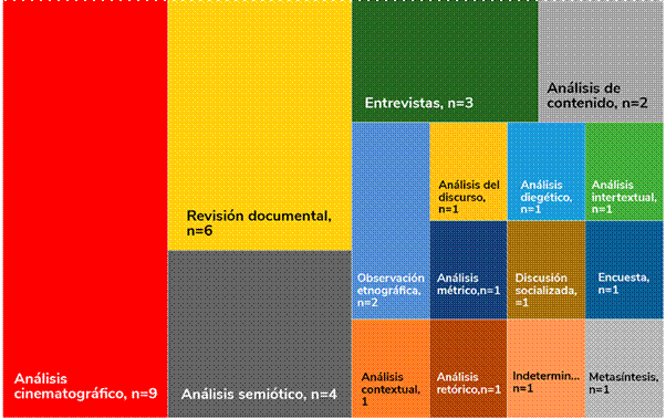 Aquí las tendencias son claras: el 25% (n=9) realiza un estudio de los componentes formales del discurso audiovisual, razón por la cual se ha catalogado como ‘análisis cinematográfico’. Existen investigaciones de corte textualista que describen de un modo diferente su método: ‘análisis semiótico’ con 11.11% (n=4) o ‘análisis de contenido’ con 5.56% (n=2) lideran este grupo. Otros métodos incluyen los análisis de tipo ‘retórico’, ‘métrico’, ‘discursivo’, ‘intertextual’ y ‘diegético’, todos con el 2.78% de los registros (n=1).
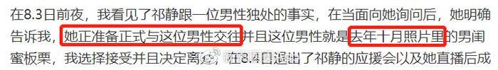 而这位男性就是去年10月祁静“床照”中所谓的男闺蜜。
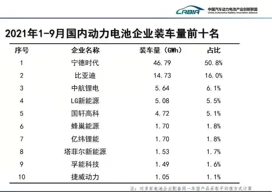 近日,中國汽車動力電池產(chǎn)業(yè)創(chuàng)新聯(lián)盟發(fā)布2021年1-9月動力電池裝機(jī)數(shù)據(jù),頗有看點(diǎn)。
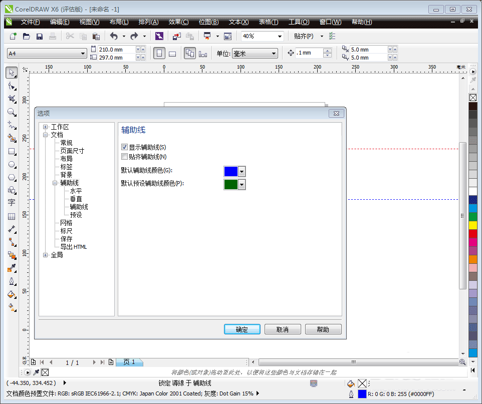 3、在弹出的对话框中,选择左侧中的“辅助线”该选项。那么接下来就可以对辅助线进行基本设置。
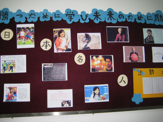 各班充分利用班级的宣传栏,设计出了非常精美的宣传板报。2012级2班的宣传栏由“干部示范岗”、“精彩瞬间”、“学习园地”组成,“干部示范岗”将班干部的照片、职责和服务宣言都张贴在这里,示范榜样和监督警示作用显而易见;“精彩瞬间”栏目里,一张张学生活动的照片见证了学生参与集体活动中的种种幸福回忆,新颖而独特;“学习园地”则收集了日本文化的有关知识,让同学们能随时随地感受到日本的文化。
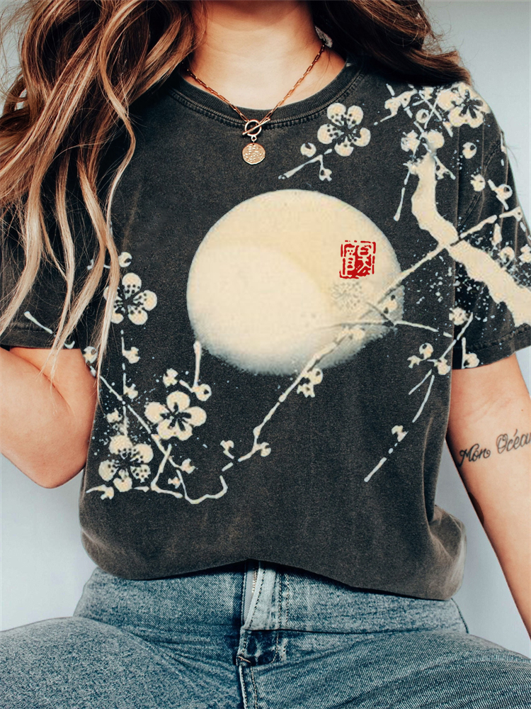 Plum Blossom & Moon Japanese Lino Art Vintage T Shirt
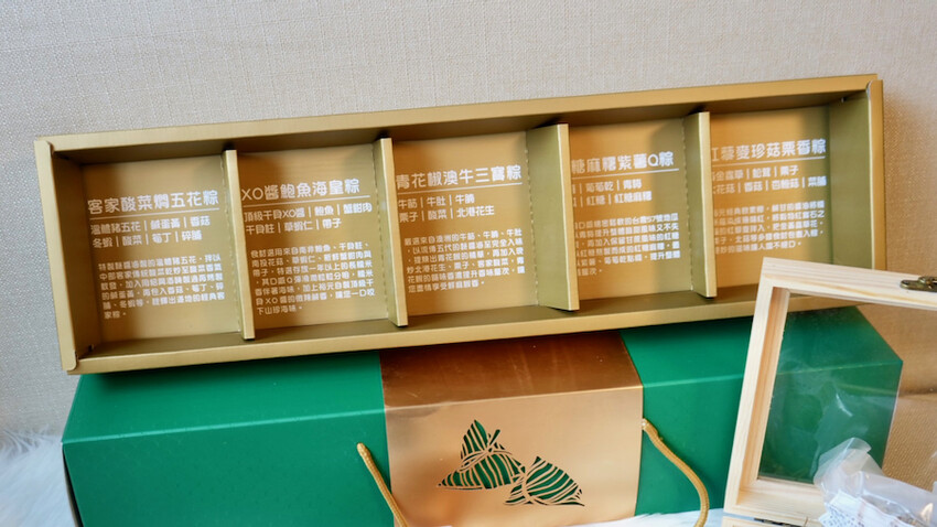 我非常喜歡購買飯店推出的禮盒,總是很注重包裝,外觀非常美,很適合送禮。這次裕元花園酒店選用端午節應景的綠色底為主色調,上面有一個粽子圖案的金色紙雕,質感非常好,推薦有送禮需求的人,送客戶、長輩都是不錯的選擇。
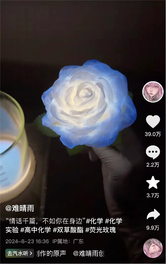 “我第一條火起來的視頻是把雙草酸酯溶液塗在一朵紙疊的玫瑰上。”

WHAT YOU ARE ASKED TO DO = Up to and including the last line of the listing, starting at the line with "各班充分利用班级的宣传栏,设", extract every line exactly and leave out the pictures.

REPLY =
 各班充分利用班级的宣传栏,设计出了非常精美的宣传板报。2012级2班的宣传栏由“干部示范岗”、“精彩瞬间”、“学习园地”组成,“干部示范岗”将班干部的照片、职责和服务宣言都张贴在这里,示范榜样和监督警示作用显而易见;“精彩瞬间”栏目里,一张张学生活动的照片见证了学生参与集体活动中的种种幸福回忆,新颖而独特;“学习园地”则收集了日本文化的有关知识,让同学们能随时随地感受到日本的文化。
 Plum Blossom & Moon Japanese Lino Art Vintage T Shirt
 我非常喜歡購買飯店推出的禮盒,總是很注重包裝,外觀非常美,很適合送禮。這次裕元花園酒店選用端午節應景的綠色底為主色調,上面有一個粽子圖案的金色紙雕,質感非常好,推薦有送禮需求的人,送客戶、長輩都是不錯的選擇。
 “我第一條火起來的視頻是把雙草酸酯溶液塗在一朵紙疊的玫瑰上。”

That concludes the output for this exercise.